その後も懲りずに近付いてくるストーカーを、ボスが何度も撃退していく。ここまでしつこいと……結構、気持ち悪い。痛い目にもあっているのに。
「サシャ、次で最後だ。聞き終わったら一度みんなと合流するぞ」
「わかりました」
鍛冶屋のおじさんに話しかける団長を見守る。するとようやく、手がかりを掴むことができた。
団長の手には折り畳まれた一枚の紙がある。
「自分を探す奴が来たら渡してくれと、預かっていたそうだ」
「私達が来るの、わかってたってことですか?」
「俺達じゃなくても…追われる自覚があるんだろうな。他にも何かやらかしているのかもしれん」
また後ろでボスが見えない何かにパンチを入れたが無視し、団長が開いた紙を覗き込む。
そこにはまた日本語が書いてあったのだが、その内容にこっそり拳を握りしめた。
「なんだ、またこれか。うーん……わからん!」
「そうですね。困りましたね」
アホ女…と、書かれているなんて………言えない。
しかしこれでハッキリした。こいつの狙いは、私である。なんの用があるのか知らないが、バカに続きアホときた。女と断定もされているし…
随分と低俗な嫌がらせをしてくるじゃないか。喧嘩は売られても買いたくないが、一発くらいは殴っても許されるだろう。
根気強く鍛冶屋をまわったのが無駄になったわけだが、それを知るのは私のみ。とりあえず紙を持ち三人と合流することにしたのだが…
「このままというわけにもいかんな。ボス、連れてこれるか?」
(あまり触りたくないが……仕方ないね)
とても嫌そうなボスが素早く移動し、なにかを掴んで戻ってくる。相変わらず姿は見えないが、引きずった跡はバッチリ残っていた。
「隠蔽魔法を解いてくれないか?」
「……」
「あまり手荒な真似はしたくないんだ。……解かなくていいから、何が目的か教えてくれ」
「……」
何を言ってもだんまりなそいつに痺れをきらしたボスが、掴んでいた何かをぎゅっと握る。痛そうな声が聞こえた。
「や、やめろ…!俺様を誰だと思っている?!」
「いや、全くわからないんだが」
「姿くらい見せたらいいのに」
「そんなこと、できるわけがないだろう!俺様は高貴な王っ………………一般人だ!」
思わず団長と顔を見合わせ、小声で会話する。これ…
「サシャ。この国の王子な気がするんだが」
「私もです。どうします?」
「まさか向こうから来るとはなぁ。身分を明かされたわけじゃないし…なんなら数発入れてしまったし」
知らないふりをするぞと真剣な表情の団長に、頷く。関わりたくなかったのに。
ボスにも手を離すよう言えば、ドスン!と尻もちをつく音が聞こえた。申し訳ないとは思うが、一般人だと自分で言ったし。問題ないはずだ。

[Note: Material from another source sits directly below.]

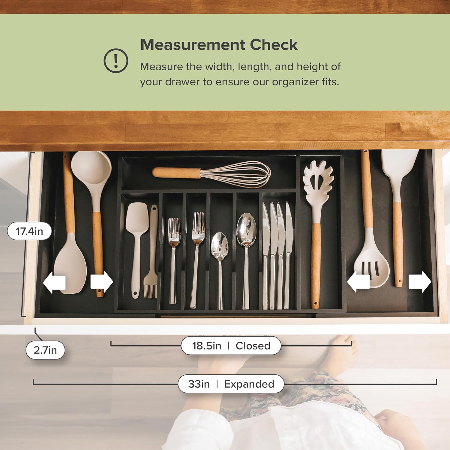 - MAXIMIZE YOUR DRAWER’S STORAGE CAPACITY: This 11-compartment (9 fixed + 2 adjustable) organizer measures 17.4” long x 2.7” tall and expands from 18.5” to 33” wide (and any width in between). Most other flatware organizers expand to 22” or 23” wide and are only 2” tall. It’s amazing how much storage capacity an extra 0.7” in height adds when filling your organizer full of flatware and utensils!

「俺達は忙しい。後をついてこられても困るし、迷惑だ。やめてくれないか」
「ふ、ふん…!貴様らの言うことなど、俺様が聞くわけがっ…!」
「そうか。言ってもやめてくれないなら、こちらもそれなりの対処をする。文句は言わせないぞ」
凄む団長に私がビビっていれば、行くぞと手を引かれる。え、置いてくんですか?
「何を言っても無駄そうだったからな。またついてきたらボスに牽制してもらうとして、今夜アイーダに報告するしかないだろう。一応王子らしいからな」
「そうですね……私達の方が立場弱いですし…」
それにしても、まさか王子本人が来るとは思わなかった。しかも隠蔽魔法を使いストーカーまでするとは…暇なのだろうか。
まだついてきているというボスの報告を受け、全員が呆れる。しつこいにも程があるだろう。